Para provar que a questão não é de tamanho, basta pegar alguém do alphaville e colocar para tomar uma cerveja lá na vila papel 52. Aposto que não conhecerá ninguém.

E os goianienses insistem: "Eu detesto Goiânia! Aqui não tem nada pra fazer!"

Não?

Primeiro que as pessoas têm que procurar. Não vai bater um vendedor de lazer na sua porta, oferecendo carona para a peça de teatro que está em cartaz. Mas tem teatro em cartaz sim.

Segundo e mais importante: as pessoas que acreditam não ter nada para fazer estabelecem a crença de que ter qualquer coisa legal nesta cidade é um privilégio proibido e inexistente -- se não para todos, pelo menos para elas.

Se tiver mesmo o que elas querem, as coisas se complicarão: ou terão que procurar algo novo para reclamar, ou terão que se preocupar com problemas mais pessoais, coisa que geralmente elas querem ignorar para todo o sempre.

Poderíamos estar mais bem servidos? Sim, sem dúvida. Mas alguém tem que permitir que o esforço seja feito.

Reclamar do lugar onde se mora é um cliché e costuma impedir os esforços. Soma-se a isso mais um fato: a vida de muita gente é um cliché. E -- convenhamos -- viver o que já está pensado é bem mais tranqüilo.

Pensar na própria vida costuma dar muito trabalho.

quinta-feira

A repetição

"I'll be back", diz a princesa Leia em Guerra nas Estrelas.

E de fato voltou. Além dos três episódios antigos, a série de Guerra nas Estrelas ganhou novos episódios há alguns anos. Sinal dos tempos.

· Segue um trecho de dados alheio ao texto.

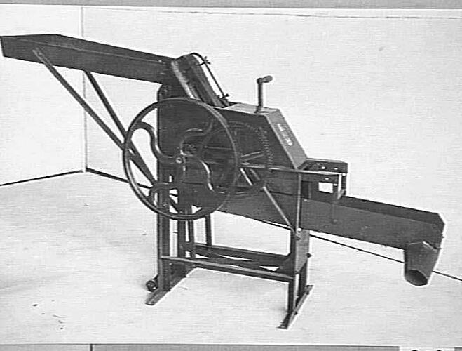 Hand-operated or power-driven No.6 Massey Harris maize sheller, manufactured in Toronto, Canada. The feed table is at the top of the picture and the grain delivery chute is in the lower right hand corner.
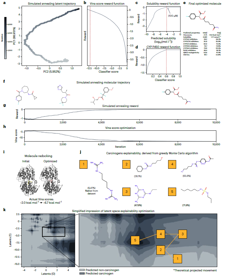 在Lagunin等人的致癌物数据集中,通过贪婪蒙特卡洛算法(Greedy Monte Carlo)逐渐选择具有致癌性质的非致癌分子,决策边界的描绘显示了药物的可解释性(图5k)。此外,所示的轨迹(图5j)显示了一个磺酰胺功能基团的形成,而磺酰胺的一个超集已经被证明在小鼠中极大地增加了肿瘤形成,并可以引起甲状腺滤泡细胞腺瘤。
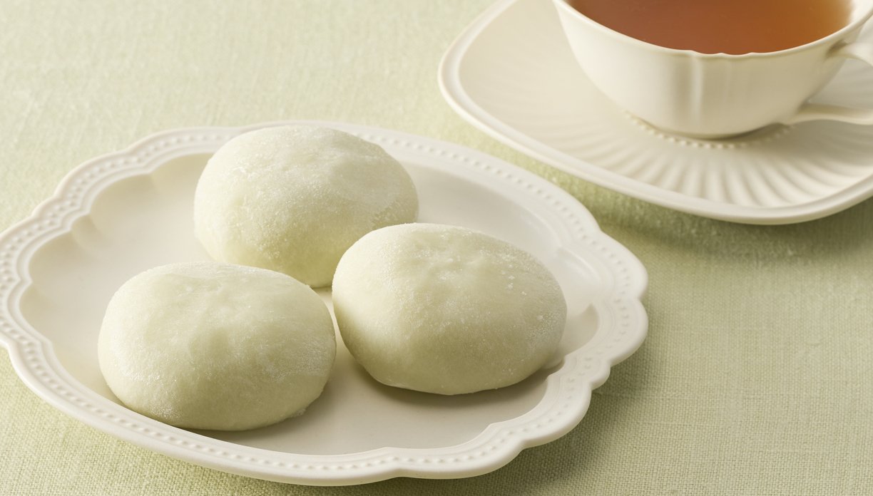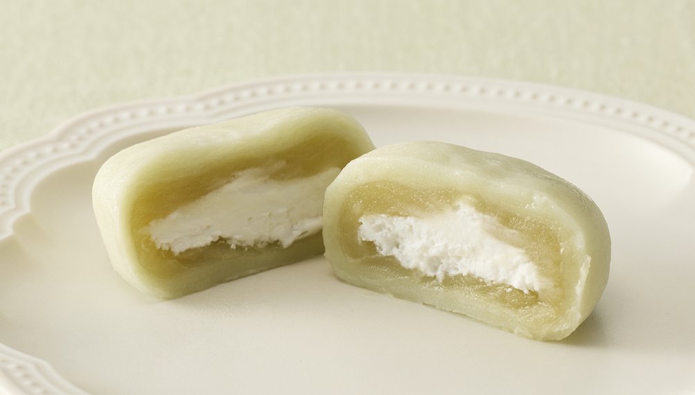 もちもちの皮に、岡山県産のシャインマスカットをふんだんに使用したフルーティーなピューレと餡、そして生クリームが入ったリッチな大福。さわやかなシャインマスカットの風味と上品な甘さが口いっぱいに広がります。
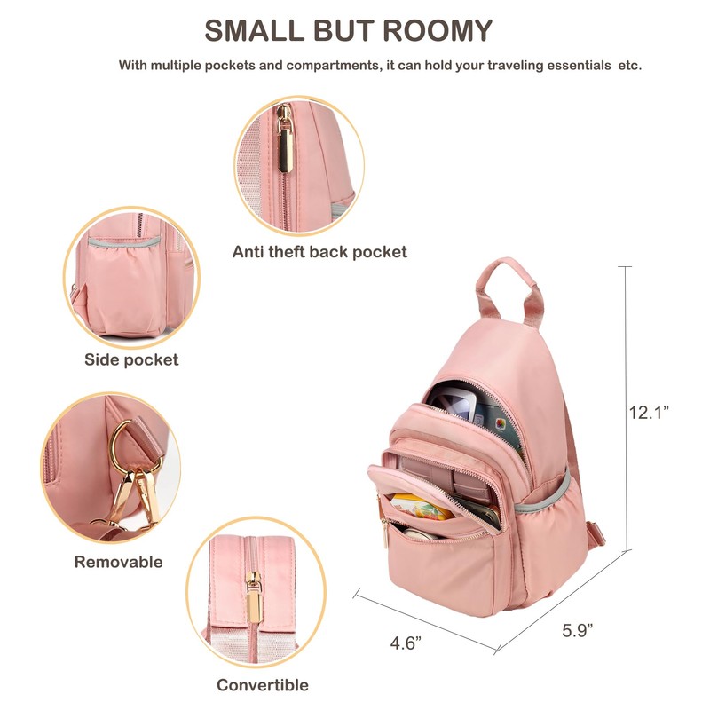 Xsecnua Small Sling Bag for Women, Mini Backpack Sling Backpack Convertible, Small Backpack Crossbody Bags for Travel Daypack Hiking
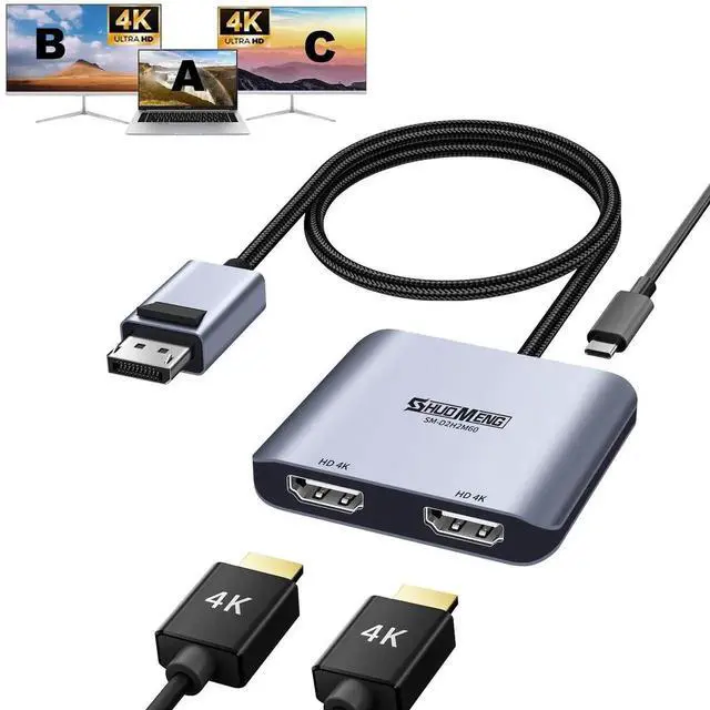 [Plug and play]No need drivers. [Step 1]: Connect the adapter to the monitor via HDMI cable that supports 4K@60Hz. [Step 2]: Connect USB cable to power the splitter. [Step 3]: Plug the DP male connector into the signal source port. (Note: Computers with integrated GPUs can only support mirror mode or can only extend one display. Do not use with any KVM/Hub/Docking)

São ainda sinal dos tempos a volta dos cortes de cabelo moicanos, a calça jeans de cintura alta, as roupas de ginástica meio bregas, a regravação de músicas antigas e os contínuos blockbusters -- que surgiram há uns 20 anos. Isso quando não repetem os filmes, às vezes mudando uma coisa ou outra: os recentes "A fantástica fábrica de chocolates" e "Superman" ilustram isso.

O gótico "the Cure" foi transmutado em novos góticos como Marilyn Mason e Evanescence, que são góticos a sua própria maneira -- mas gostam de falar do mesmo tema. Renato Russo e Cazuza voltam -- se é que já saíram -- à moda. E Madonna nunca esteve tão "disco" como agora. Até Michael Jackson e Prince andam tentando.

Enfim, os exemplos são inúmeros, depois do buraco que se abriu em meados da década de 90, quando os Estados Unidos se viram como potência isolada e a produção de idéias se pôs a cochilar ou a se repetir.

Surgiram coisas novas, naturalmente, mas não tantas. Só um vazio como esse seria capaz de trazer de volta a década de 80 -- tida nos livros como a "década perdida" -- e as outras décadas de 70, 60, 50,...

E agora, depois de falar que tudo aquilo foi perdido de uma forma ou de outra, as pessoas olham para trás e vêem que não foi tão ruim assim. Saudades da infância: fenômeno interessante. É possível que tenha havido coisas boa por lá.

Mas não basta isso: agora voltamos à construção de muros -- entre israelenses e palestinos e entre americanos e mexicanos -- e voltamos à bomba nuclear. Parece idéia do Enéas, mas não é. "Back to the chain!"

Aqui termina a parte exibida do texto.